======== DATA SHOWN ========
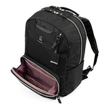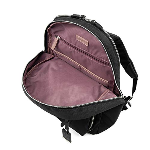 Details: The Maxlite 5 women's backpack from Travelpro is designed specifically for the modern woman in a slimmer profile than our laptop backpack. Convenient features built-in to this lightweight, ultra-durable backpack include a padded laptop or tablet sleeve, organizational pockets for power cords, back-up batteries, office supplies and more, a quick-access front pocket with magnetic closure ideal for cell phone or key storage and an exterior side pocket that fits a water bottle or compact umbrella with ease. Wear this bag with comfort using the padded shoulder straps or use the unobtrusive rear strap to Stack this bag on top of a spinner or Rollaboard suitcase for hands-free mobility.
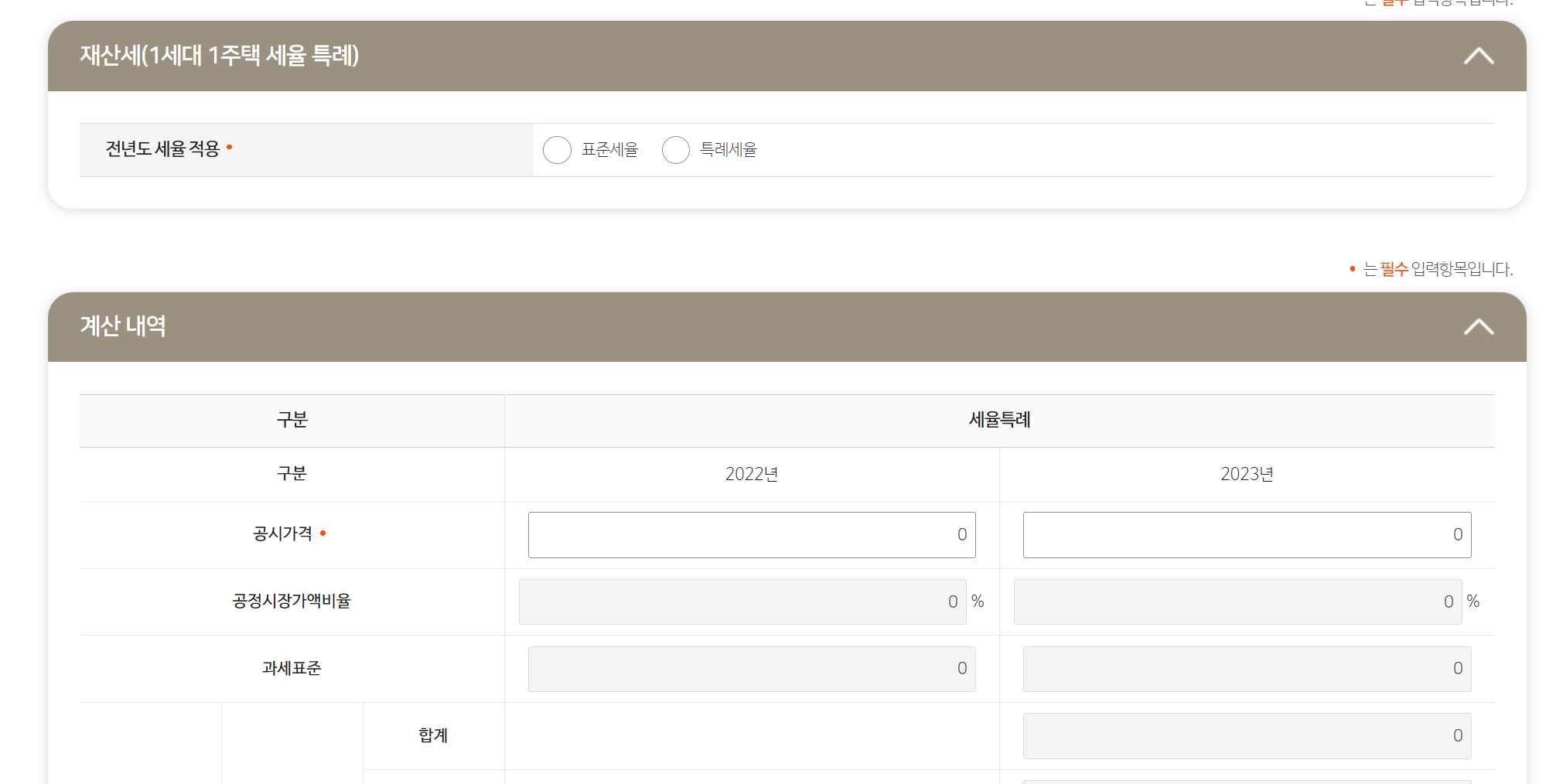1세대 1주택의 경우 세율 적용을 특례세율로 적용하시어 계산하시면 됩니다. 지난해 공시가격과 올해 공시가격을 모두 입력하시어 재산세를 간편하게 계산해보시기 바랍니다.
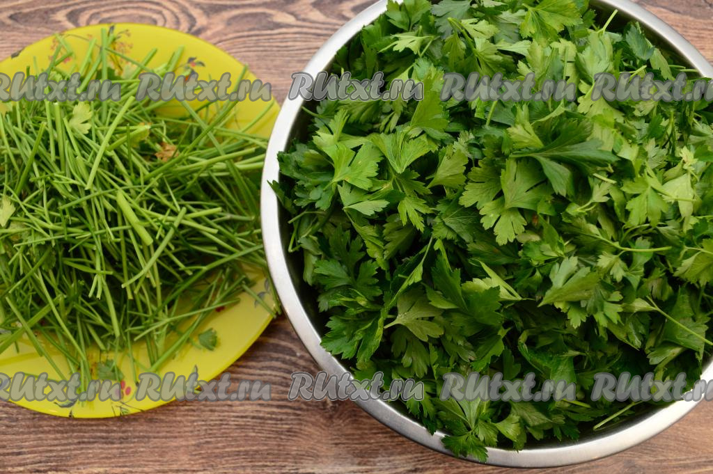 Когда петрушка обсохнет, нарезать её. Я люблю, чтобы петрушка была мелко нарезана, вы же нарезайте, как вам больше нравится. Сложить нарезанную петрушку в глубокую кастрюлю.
========
# WHAT YOU WILL DO
When you reach a picture, pass over it; write out all other material exactly.

# ANSWER BOX
 Details: The Maxlite 5 women's backpack from Travelpro is designed specifically for the modern woman in a slimmer profile than our laptop backpack. Convenient features built-in to this lightweight, ultra-durable backpack include a padded laptop or tablet sleeve, organizational pockets for power cords, back-up batteries, office supplies and more, a quick-access front pocket with magnetic closure ideal for cell phone or key storage and an exterior side pocket that fits a water bottle or compact umbrella with ease. Wear this bag with comfort using the padded shoulder straps or use the unobtrusive rear strap to Stack this bag on top of a spinner or Rollaboard suitcase for hands-free mobility.
1세대 1주택의 경우 세율 적용을 특례세율로 적용하시어 계산하시면 됩니다. 지난해 공시가격과 올해 공시가격을 모두 입력하시어 재산세를 간편하게 계산해보시기 바랍니다.
 Когда петрушка обсохнет, нарезать её. Я люблю, чтобы петрушка была мелко нарезана, вы же нарезайте, как вам больше нравится. Сложить нарезанную петрушку в глубокую кастрюлю.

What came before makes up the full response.